Understanding Character Limits¶
The chat history memory system manages conversation context using character-based limits (not token-based). When retrieving memory, you can control how much history is returned using the n_rounds parameter (limits the number of conversation rounds) and the max_context parameter (limits the total character count).

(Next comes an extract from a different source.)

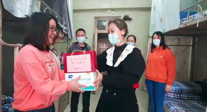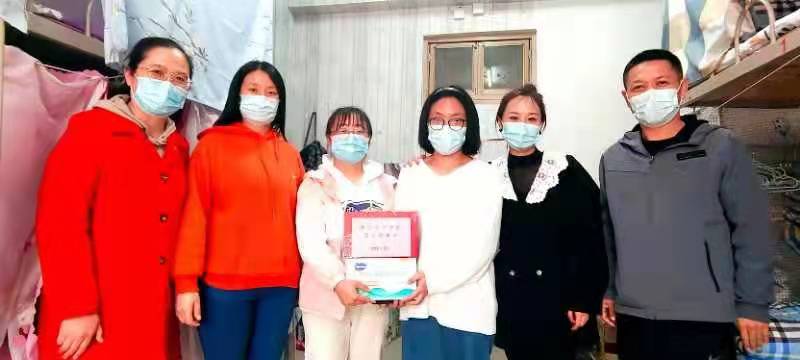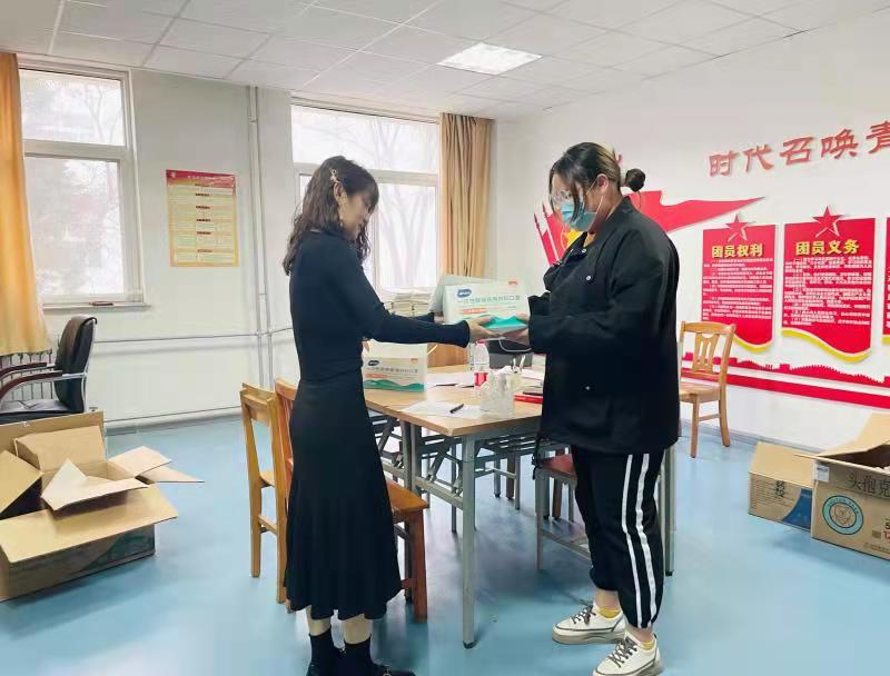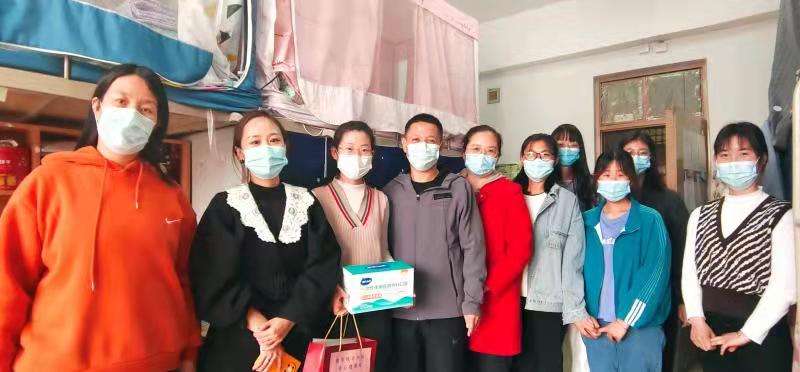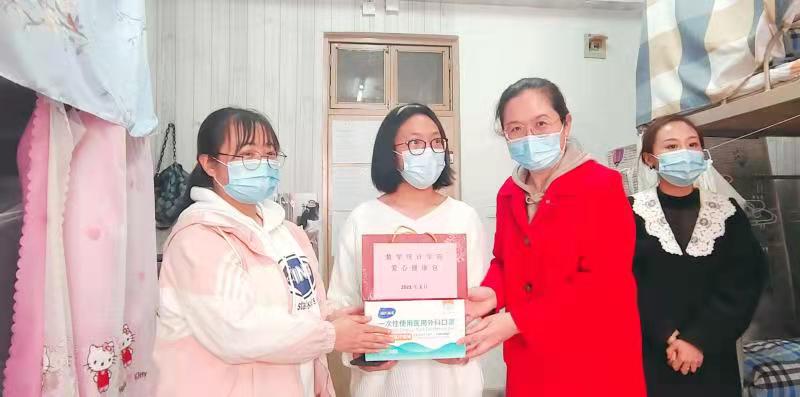 3月17日下午学院党委副书记陈建丽、马彦峰,学办主任陶佳玲、辅导员刘璐以及杨阳利用课间时间走访学生宿舍为大家发放爱心口罩、消毒凝胶等防疫物资。

See Parameters for default values and how to override them.
How Chat History Truncation Works¶
When the conversation history exceeds the specified limits, the system automatically manages the content:
- Oldest-First Dropping: When multiple rounds don't fit within the character limit, older conversation rounds are dropped first
- Front Truncation: If even a single round exceeds the character limit, the system keeps the most recent characters from that round, truncating from the beginning
- Truncation Notice: When content is truncated, a notice is automatically prepended:
"Notice: Chat history truncated due to maximum context window. " - Priority: More recent content is always prioritized to maintain the most relevant context
Handling Single Large Messages¶
When a single message exceeds the max_context limit, special truncation logic applies to preserve the most recent and relevant information:
How It Works:
- The system first reserves space for the truncation notice (~65 characters)
- Calculates the remaining budget:
effective_budget = max_context - notice_length - If multiple messages exist in the round, older messages are dropped first
- If only one message remains and still exceeds the limit, front truncation is applied:
- The beginning of the message is removed
- The last N characters are kept (where N = effective_budget)

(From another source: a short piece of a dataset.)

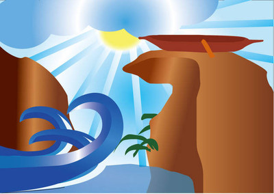 把船畫在山崖上

- The truncation notice is prepended to the kept portion
Visual Example:
Suppose you have max_context=1000 and a single message with 2000 characters:
Original message (2000 chars):
"The 2022 FIFA World Cup in Qatar featured 32 teams competing across multiple stages.
[...middle content...]
Argentina ultimately defeated France in a dramatic penalty shootout to claim the title."
After truncation (fits within 1000 chars):
"Notice: Chat history truncated due to maximum context window. ...across multiple stages.
The knockout rounds featured upsets, with Morocco reaching the semi-finals. Argentina
ultimately defeated France in a dramatic penalty shootout to claim the title."
│ │
│ │
└─ Truncation notice (~65 chars) └─ Last ~935 chars preserved
The beginning is removed, but the conclusion and outcome are preserved.